Jesup residents pushed back—and won. The local newspaper published dozens of articles about the dangers of coal ash and organizers recruited environmentalists and local lawmakers to help amplify their cause. While Republic Services backed off on their plans, there’s nothing legally stopping them from trying again. “A lot of people come up to me and say: ‘Congratulations! Y’all won!’” Peggy Riggins told HuffPost. “And I say, ‘We don’t have anything in writing.'”
Holleman acknowledges that many problems arise when utility companies keep the public in the dark. “In some communities there have been very legitimate concerns and outright opposition,”Holleman says. “Some utility companies always want to act in secret and drop things in communities rather than work with them.”
But what are environmentally acceptable options for disposal sites?
Utility companies sometimes dispose of their coal ash by turning it into concrete or using it in soil, which is known as a “beneficial use” project. According to the Natural Resources Defense Council, if the coal ash is “encapsulated,” meaning it can’t leach toxic materials when it gets wet, it’s safe to reuse in construction. But if it’s not encapsulated, problems can occur, as they did for residents of Bokoshe, Oklahoma, where coal ash flies around like pollen covering homes, lawns, and swimming pools. A state-permitted disposal pit dumps the coal waste into an old coal mine, a practice called as minefilling—something the state of Oklahoma considers beneficial use. Residents blame coal ash for what they say are an increasing number of cases of asthma and cancer in their community.
Further north in Pines, Indiana, coal ash that was disposed of in a nearby landfill and used to fix roads caused the town to be designated a Superfund site in 2004. The EPA tested drinking water wells in Pines and found high levels of toxic metals in the wells and residential areas.
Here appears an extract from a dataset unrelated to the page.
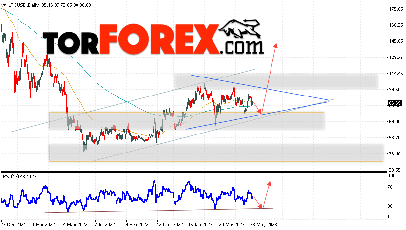 Дополнительным сигналом в пользу роста котировок LTC/USD на текущей торговой неделе 29 мая — 2 июня 2023 выступит тест линии тренда на индикаторе относительной силы. Вторым сигналом станет отскок от нижней границы модели «Треугольник». Отменой варианта подъёма цифрового актива Litecoin станет падение цены и пробой области 64.05. Это укажет на пробой поддержки и продолжение падения курса LTC/USD ниже уровня 45.05. Подтверждением росту криптовалюты выступит пробой области сопротивления и закрытие котировок выше уровня 105.05, что укажет на пробой верхней границы модели «Треугольник» и начало отработки модели с целями вверху.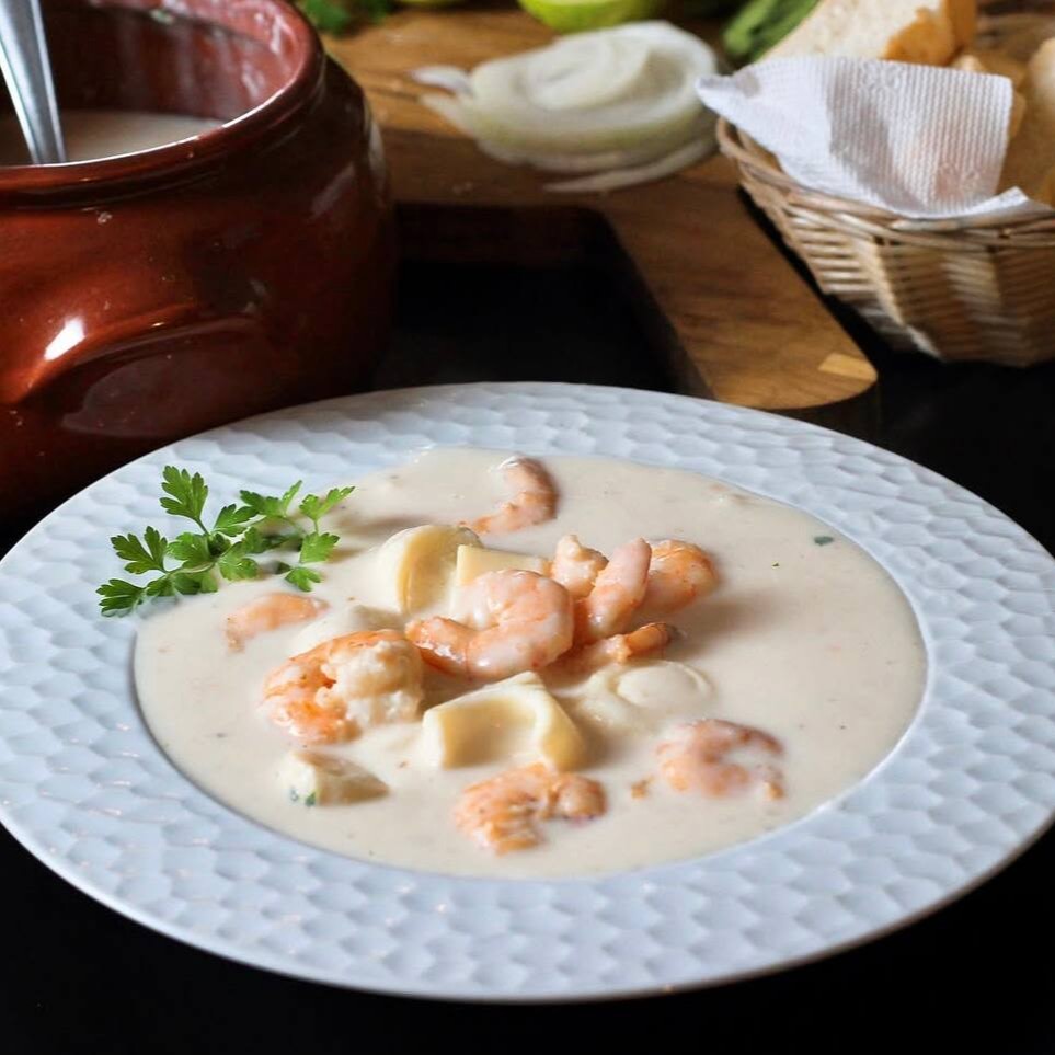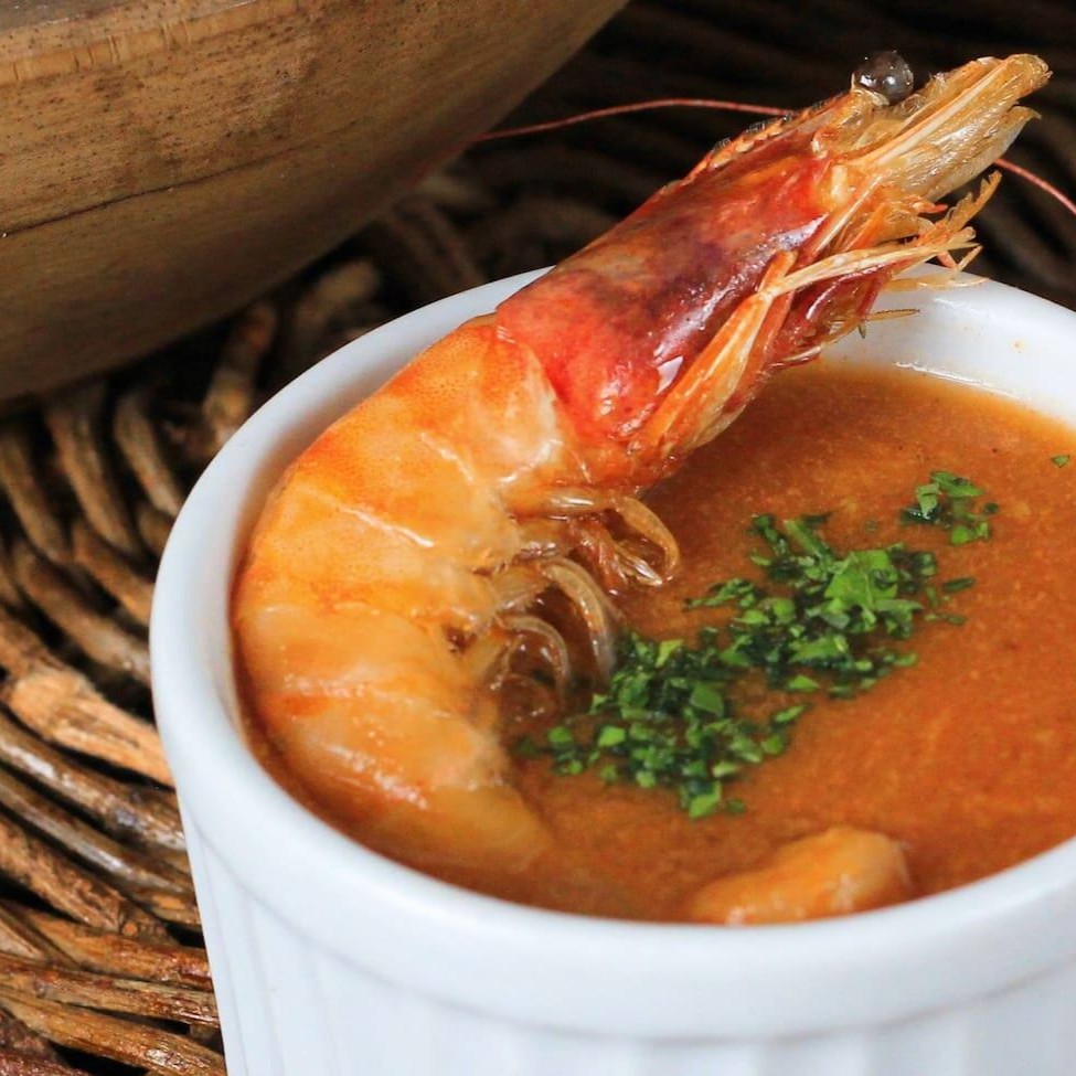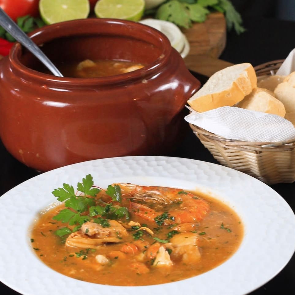 Sopa de camarão, peixe, siri, lula e marisco (1 Litro). Acompanha torradas.

While environmental advocates say that the Obama-era rule is weak, the Trump administration is poised to make it worse. Scott Pruitt’s EPA has rolled back several environmental regulations designed to protect the health of the public. In May, the agency informed states that it was working on guidance that would give them more flexibility in regulating coal ash. “EPA expects that its new guidance will allow for the safe disposal and continued beneficial use of coal ash, while enabling states to decide what works best for their environment,” the agency said.
“This poses lots of dangers to people in coal states,” Evans says. “States will be given the reigns to run a permit program under an EPA that doesn’t care.”